コラム

特定非営利法人コミュニティビジネスサポートセンターが運営する「赤羽のコワーキングスペース アカコ」の運営責任者・インキュベーションマネージャーの小林祐一様にお話いただきました。


本日は、2017年6月にオープンした「赤羽のコワーキングスペース アカコ」を運営されている特定非営利法人コミュニティビジネスサポートセンター(以下CBS)の小林祐一さんにお話を伺います。

赤羽のコワーキングスペース アカコでの集合写真
一般社団法人コワーキングスペース協会のメンバーがお話を伺いました。

「コミュニティビジネス」とは市民が主体となって地域の課題や問題をビジネスの手法、視点を活用しながら解決していく事業の総称で、CBSは地域のコミュニティを基盤とした新しいビジネスの育成を目指している団体です。

コミュニティビジネスでは、具体的には、介護事業やシニアの派遣事業を通じて高齢化社会という地域の課題を解決したり、空き家や空き店舗をリノベーションすることでまちづくりに貢献したりします。

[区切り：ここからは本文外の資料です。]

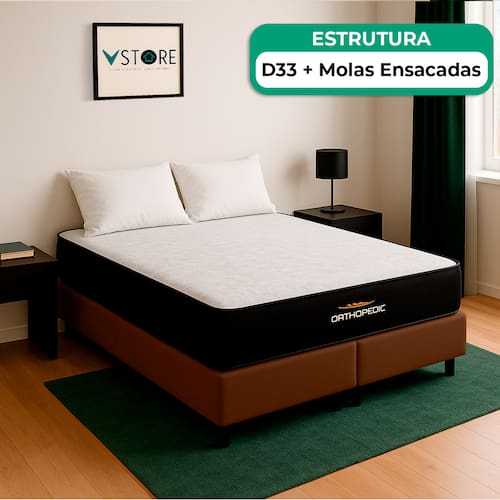 A tecnologia que a sua casa merece está na V-Store! O Conjunto Colchão Orthopedic + Base Box Bravus da V-Store é a união perfeita de conforto e resistência. O colchão, com espuma D33 e suporte extra firme, garante alinhamento ideal e proteção contra ácaros, alergias e fungos. A base box, com estrutura de madeira reflorestada e acabamento em tecido sintético, oferece durabilidade e um design moderno para o seu dormitório.Característica Do Colchão: Modelo: OrthopedicMarca: V-StoreTamanho: KingDimensões: 193x30x203 (Largura x Altura x Comprimento)Conforto: Extra FirmeSistema: EspumaPillow: Não se aplicaPeso Máximo recomendado: 110 kg (Por pessoa)Proteções: Antiácaro, antialérgico, antifungo, antimofoGarantia: 12 Meses (Espuma)Característica Da Base: Marca: V-StoreModelo: BravusCor do Box: MarromTamanho: KingDimensões: 193x44x203 (Largura x Altura x Comprimento)Estrutura: MadeiraPeso máximo recomendado: 150 kg (Por Pessoa)Altura do Box: 26 cmAltura dos Pés: 6 cmAltura total: 44 cmGarantia: 12 Meses (Estrutura) / 3 meses (Tecido)Selo Ecologicamente CorretoAtenção:- Antes de finalizar sua compra, recomendamos que verifique se as dimensões do produto são adequadas para serem transportadas pelos elevadores, portas, escadas e corredores de sua residência. Ressaltamos que não nos responsabilizamos pelo transporte do produto por meios específicos, como escadas, guinchos ou içamentos.- É possível que hajam leves variações de cor de acordo com o dispositivo que está sendo utilizado como smartphones, computadores, monitores e outros.

CBSの事業としては、セミナーや認定講座の開催を通じた人材育成、「ネスト赤羽」などの支援施設の運営、金融機関と連携した融資の支援などを行っています。

今回お話していただいた小林さんはCBSの職員で、プロジェクトマネージャー・地域創業アドバイザーと兼任する形で、現在は「赤羽のコワーキングスペースアカコ」の責任者も務められています。

赤羽のコワーキングスペースアカコの小林さん
赤羽のコワーキングスペースアカコの責任者、小林祐一様

地域との連携拠点の1つとしてコワーキングスペースを始めました

―赤羽のコワーキングスペース アカコの隣には、CBSが管理・運営をする東京都北区の創業支援施設「ネスト赤羽」があり、コワーキングスペースとしてこのような立地は特徴的かと思います。
ネスト赤羽の利用者とアカコの会員さんには関連性があるのでしょうか?

はい。ネスト赤羽から退居される事業者さんに利用いただくことも想定してコワーキングスペースの運営を行なっています。

まずネスト赤羽とは、東京都北区で新たに創業する方、創業間もない個人・法人の応援をする施設で、赤羽のコワーキングスペース アカコの隣にある施設です。

実は2017年3月まで、現在アカコと同じビル内に入っているCBSの事務所は現在地と反対側の赤羽駅南口方面にあったんです。当時の事務所の契約更新の時期がきたり、また手狭になったという話も出たりしていたので、新しい場所に事務所を探していました。そんな中、たまたまネスト赤羽の隣の物件が空いており、大家さんも協力的だったので、契約期限に事務所移転と同時にコワーキングスペースをオープンさせたんです。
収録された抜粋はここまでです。